THURSDAY, March 28, 2024
nationthailand

Welfare fraud probe expands to 44 centres

Welfare fraud probe expands to 44 centres

Investigators find elderly and disabled among victims whose money stolen.

ALLEGED IRREGULARITIES in allowance payments to people in need have been detected at 44 provincial protection centres for the destitute, but authorities have yet to determine how much out of those centres’ Bt97.8-million budget for fiscal year 2017 was actually embezzled.
The figures were revealed by the Office of the Public-Sector Anti-Corruption Commission (PACC) yesterday. 

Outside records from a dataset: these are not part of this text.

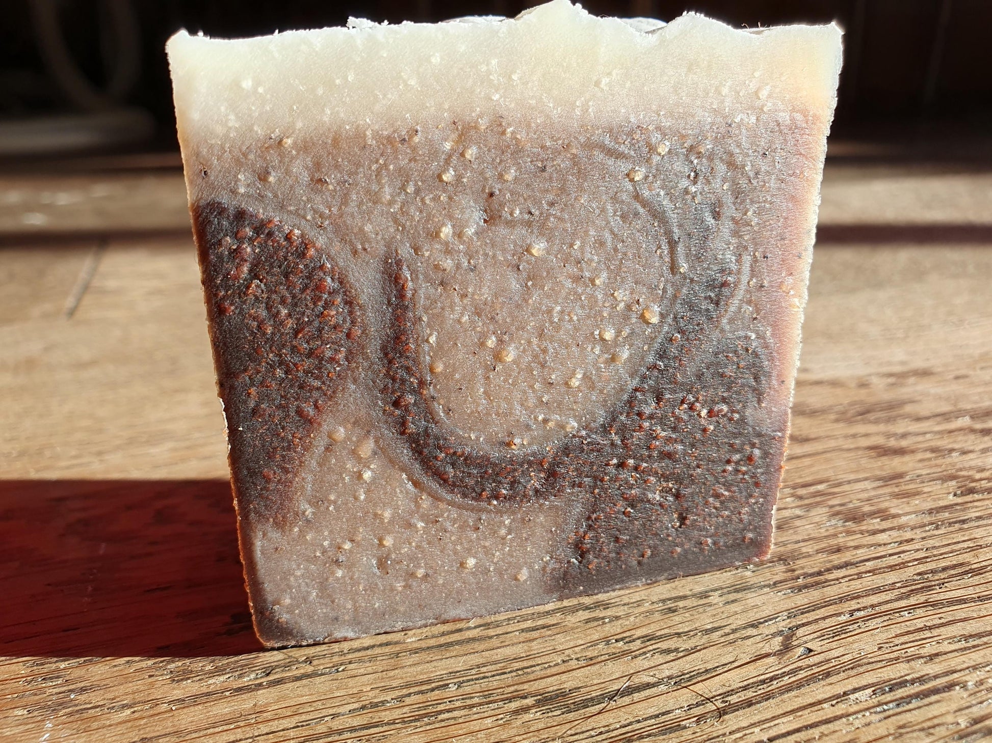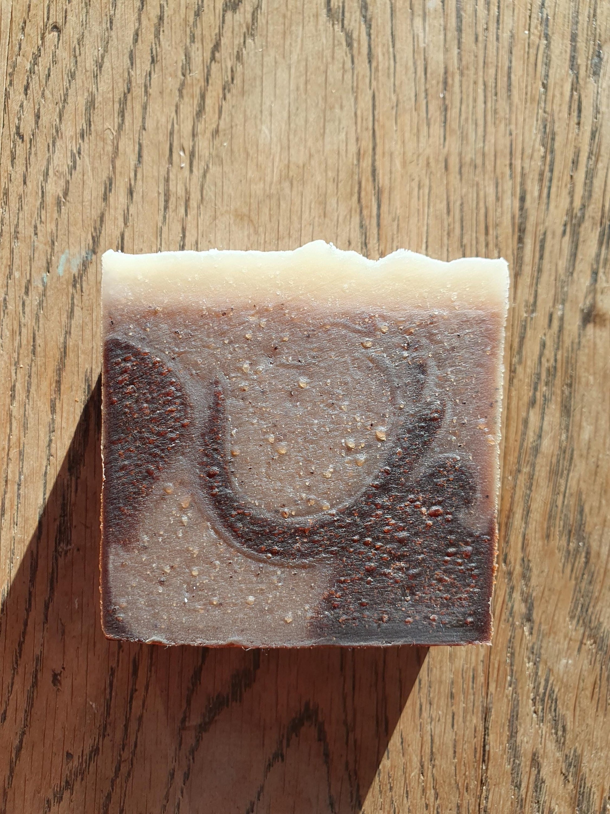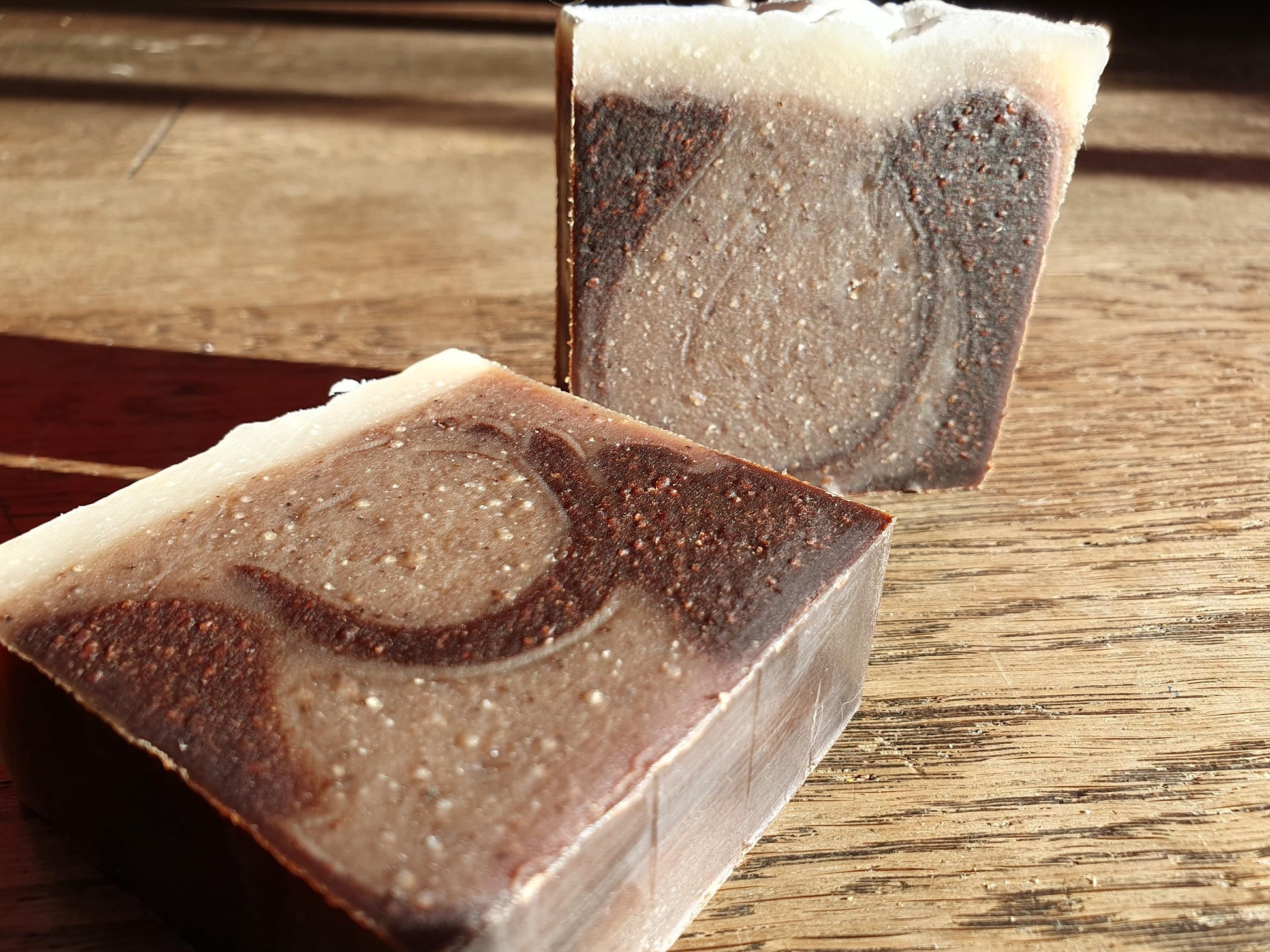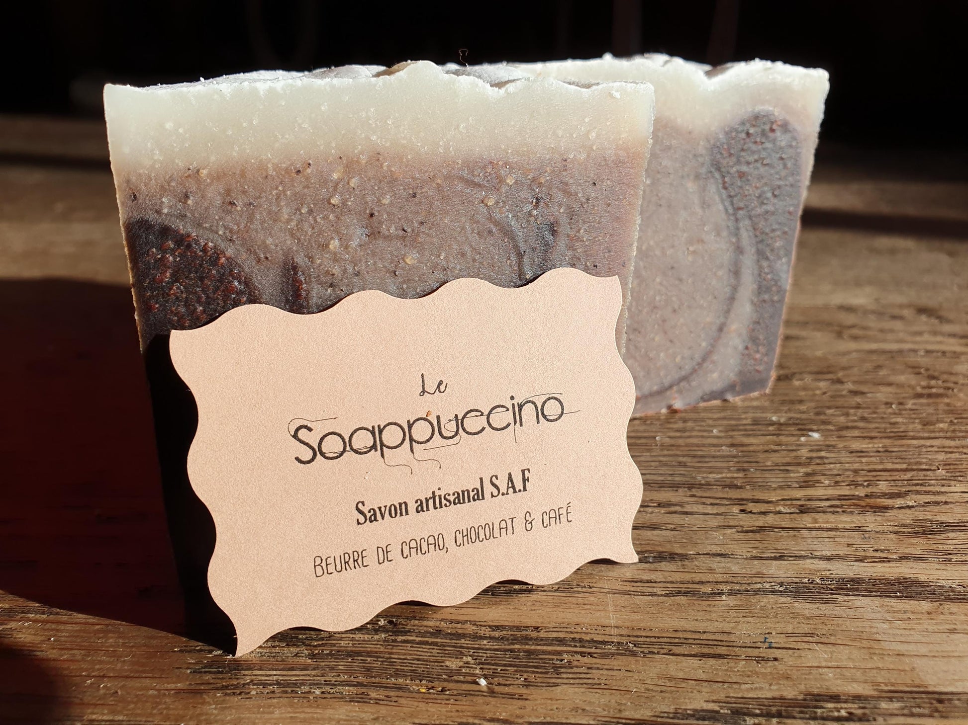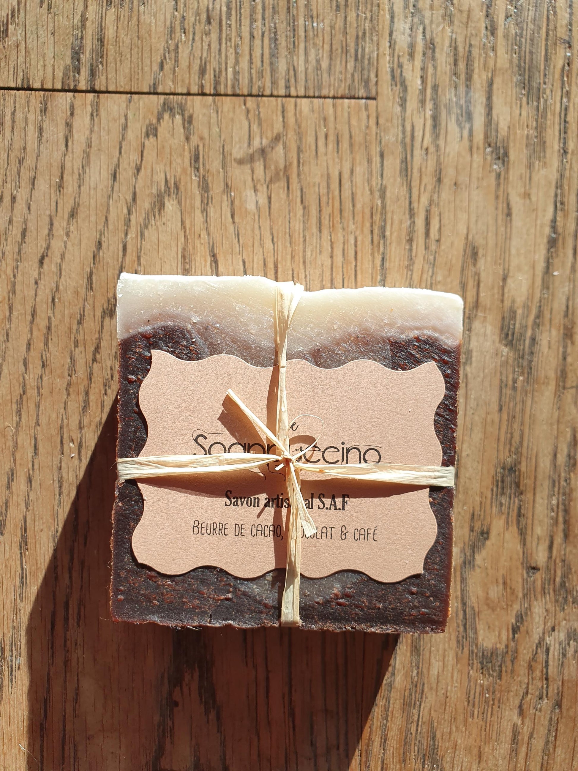 Le "Soappuccino", savon artisanal surgras saponifié à froid marbré au chocolat, café, huiles végétales et beurre de cacao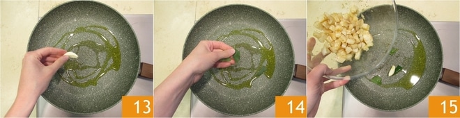 Faites chauffer un peu d'huile dans une poêle, ajoutez l'ail 13 et les feuilles de laurier émiettées. Laissez chauffer et ajoutez la morue 15.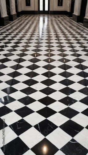 A striking black and white checkered floor featuring glossy marble tiles, creating a classic and elegant atmosphere in a spacious interior setting.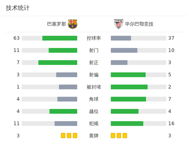 最终全场比赛结束,巴萨1-0毕尔巴鄂。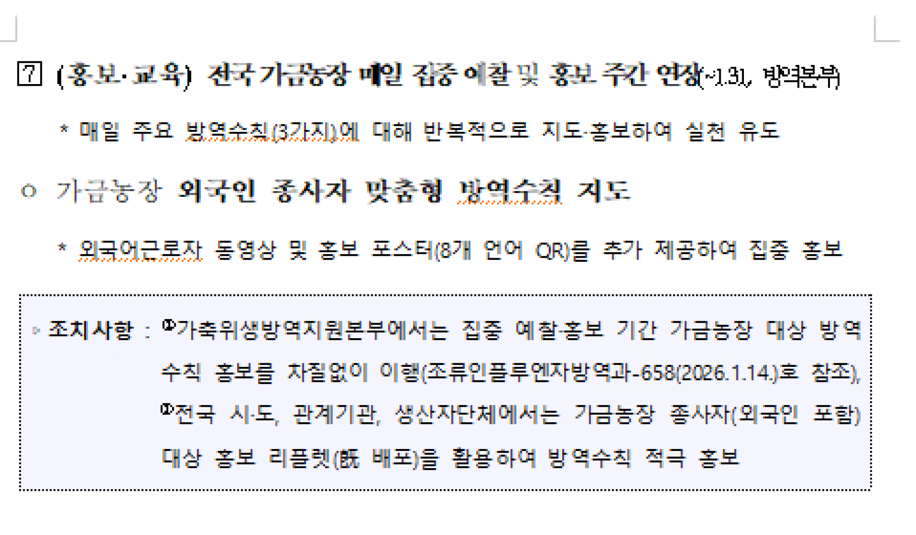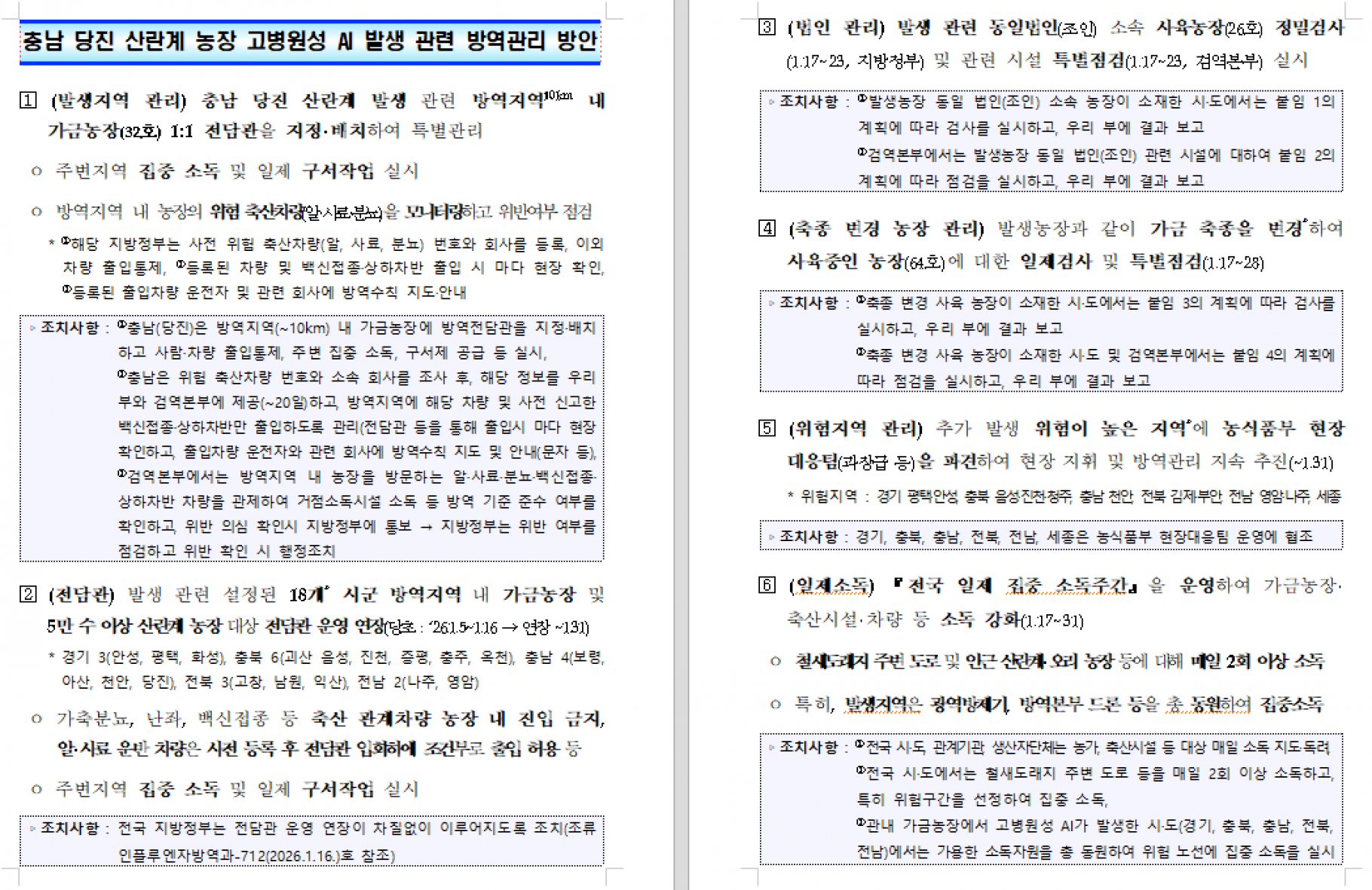 고병원성 조류인플루엔자 발생 관련 중앙사고수습본부 회의(1.16) 후속 조치 알림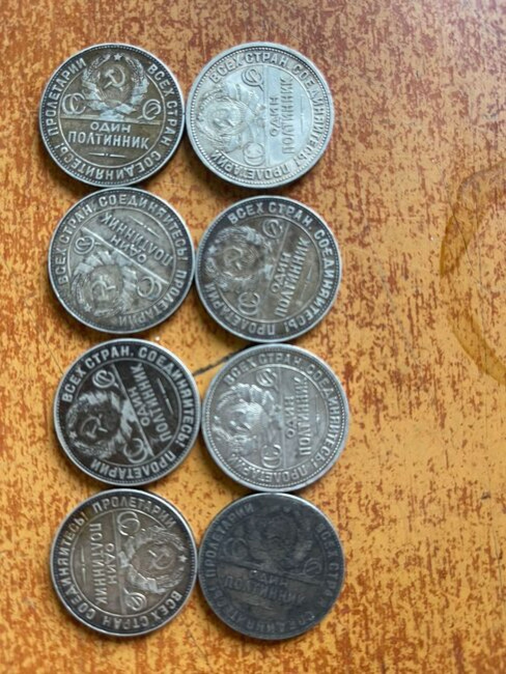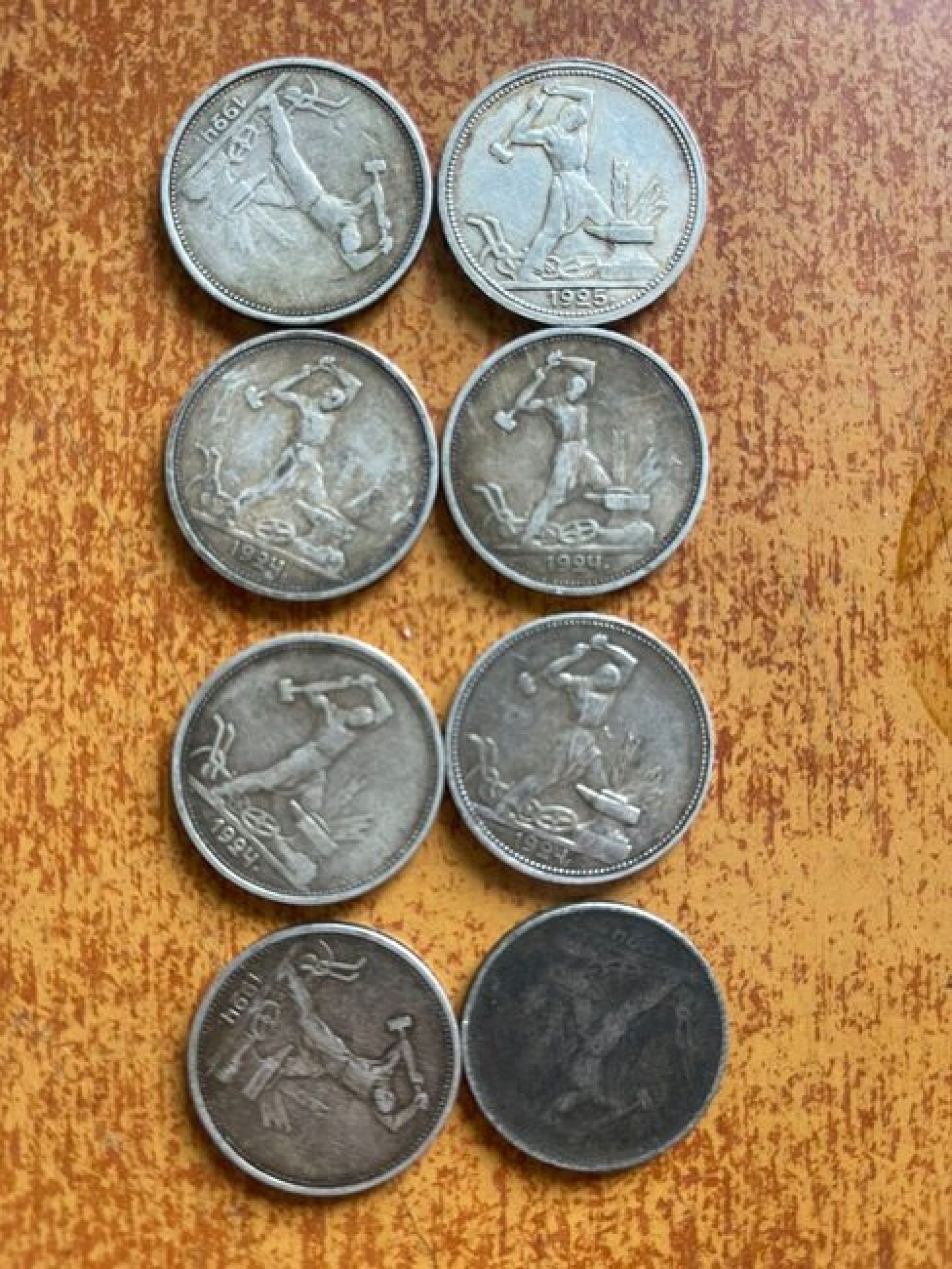 - сім срібних монет номіналом 50 копійок 1924 року;

Welfare fraud probe expands to 44 centres
Investigations into the other 32 provincial protection centres for the destitute – which received a total of Bt25.3 million in the 2017 fiscal year -– should be completed by May 31, said PACC chief assistant Pol Lt-Colonel Wannop Somjintanakul.
Wannop said sub-panels handling further investigations into the 44 provincial centres in question would summon local officials at all levels for interviews to identify culprits within the given timetable. 
So far, sub-panels have already been set up to investigate the first batch of seven provincial centres – Khon Kaen, Chiang Mai, Bung Kan, Nong Khai, Surat Thani, Trat and Nan – where 35 individuals have been accused of involvement in alleged graft, he said. 
As of press time, offices in 37 more provinces had been proposed for further investigation by the PACC, including Sa Kaew, Udon Thani, Ayutthaya, Yala, Chaiyaphum and Nakhon Ratchasima.
Wannop urged people who are entitled to receive welfare payments to tell investigators whether they had received financial aid and how much they had received.
Officials had found that documents and forms had been forged to redirect money away from legitimate claimants, he said. Some claimants had not received their payments, or only received partial sums, while others who were recorded as recipients were not even qualified for benefits.
After the corruption scandal broke last month, the PACC was tasked to probe 76 state-run protection centres for the destitute, which had received a total of Bt123 million for the 2017 fiscal year to distribute to people in need.
The investigation was prompted after a university student trainee at the Khon Kaen Protection Centre for the Destitute claimed she had been forced to forge official forms. 
In Krabi yesterday, PACC investigators collected documentary evidence and found about 20 people had been affected by alleged irregularities in allowance payments. 
A 66-year-old disabled woman in Khlong Tom district said she had not received any of the Bt3,000 allowance she was entitled to from the provincial centre, while 20 people in Khlong Tom, Khao Phanom and Lam Thab districts said they had either received only Bt1,000 to Bt2,000 of Bt3,000 or no money at all. The PACC is checking another 600 allowance recipients.
In Chiang Mai’s San Khamphaeng district, village headman Somdech Kantatha from Tambon Mae Pukha said some recipients had turned out to be not qualified for the allowance, while other recipients who reportedly took the money claimed to have forgotten whether they had collected it. 
In San Pa Tong district, village headman Wichien Phakkad from Tambon San Klang said one of the village’s two allowance recipients was certainly a victim of graft. The 75-year-old woman, who said she had received nothing, was illiterate and clearly was not the person who signed her name on the official document, Wichien said. 
He said he hoped all wrongdoers in the scheme would be punished, as they had cheated underprivileged people.